Offering a reminder that even deceased individuals’ health information is afforded privacy protection under federal law, a federal appeals court struck down a Florida law authorizing certain persons to obtain deceased nursing home residents’ medical records as in conflict with the Health Insurance Portability and Accountability Act of 1996 (HIPAA).
Faced with medical record requests from deceased former nursing home residents’ spouses and other persons, several nursing homes in Opis Management Resources LLC v. Secretary Florida Agency for Health Care Administration, No. 12-12593 (11th Cir. Apr. 9 2013) pointed to HIPAA to support their refusal to release the records under the Florida law. That state law required licensed nursing homes to provide a current or former nursing home resident’s medical records to the resident’s spouse, guardian, surrogate, proxy, or attorney-in-fact. The nursing homes claimed that under provisions of HIPAA that protect the privacy of deceased individuals’ health information, the requesters did not have authority to act on behalf of the deceased residents and therefore were not their “personal representative”; thus, HIPAA prevented the nursing homes from disclosing the records. Florida regulators, on the other hand, maintained a contrary interpretation and issued citations to the nursing homes for not complying with the Florida law.
According to the U.S. Court of Appeals for the Eleventh Circuit, HIPAA and the Florida law “[could not] be reconciled” because the Florida law stood “as an obstacle to the accomplishment and execution of the full purposes and objectives of HIPAA in keeping an individual’s protected health information strictly confidential.” The court emphasized that while HIPAA sanctions the disclosure of deceased individuals’ protected health information to a “personal representative” and other identified persons “who were involved in the individual’s care or payment for health care prior to the individual’s death” to the extent the disclosed information is “relevant to such person’s involvement,” the law otherwise ensures the privacy protection of deceased individuals’ health information by generally prohibiting its use and disclosure except in certain circumstances or with authorization. In contrast, the court explained, the Florida law allowed for “sweeping disclosures, making a deceased resident’s protected health information available to a spouse or other enumerated party upon request, without any need for authorization, for any conceivable reason, and without regard to the authority of the individual making the request to act in a deceased resident’s stead.” In light of this apparent conflict, the court concluded, HIPAA preempted the Florida law.

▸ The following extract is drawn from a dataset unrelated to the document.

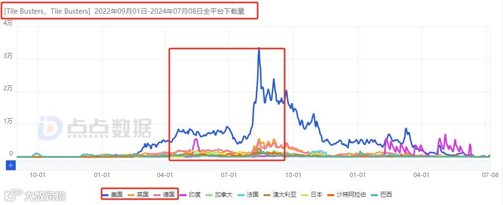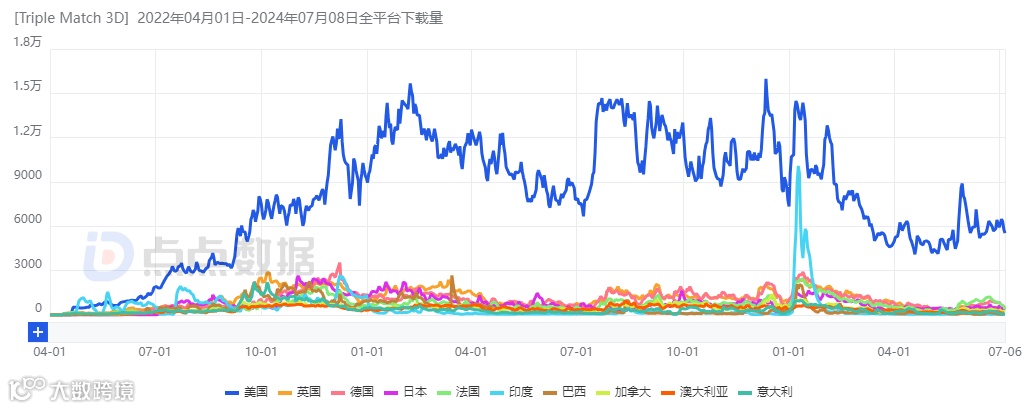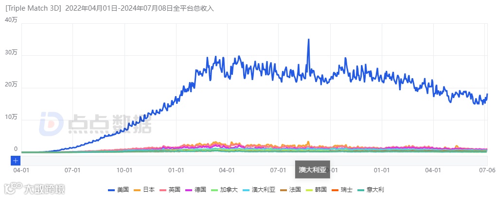 据点点数据显示,该作双端总流水应该已经达到8.62亿元,其中美国占比高达64.88%位列TOP1,英国及德国以5.2%、5.19%的贡献分居二三名。值得关注的是,2023年该作斩获2.03亿元,是紧随《Triple Match 3D》之后该年年收入第二高的堆叠消除游戏。

For nursing homes in Florida and other HIPAA-covered entities subject to potentially broad state medical record disclosure laws like Florida’s, OPIS Management provides a defense in refusing to release deceased individuals’ medical records for litigation or other purposes. Curiously, the court’s ruling arrives just as the U.S. Department of Health and Human Services recently relaxed the HIPAA regulations governing deceased individuals’ health information to protect the privacy of such information only for 50 years (previously, protection was indefinite) and to authorize disclosure of such information to family members and other identified persons who were involved in the individual’s health care or payment for care. As this case demonstrates, however, these provisions are not limitless. HIPAA-covered entities should take care to scrutinize the qualifiers in these HIPAA rules as they navigate the intricacies of HIPAA and similar state laws, particularly where these laws conflict or diverge.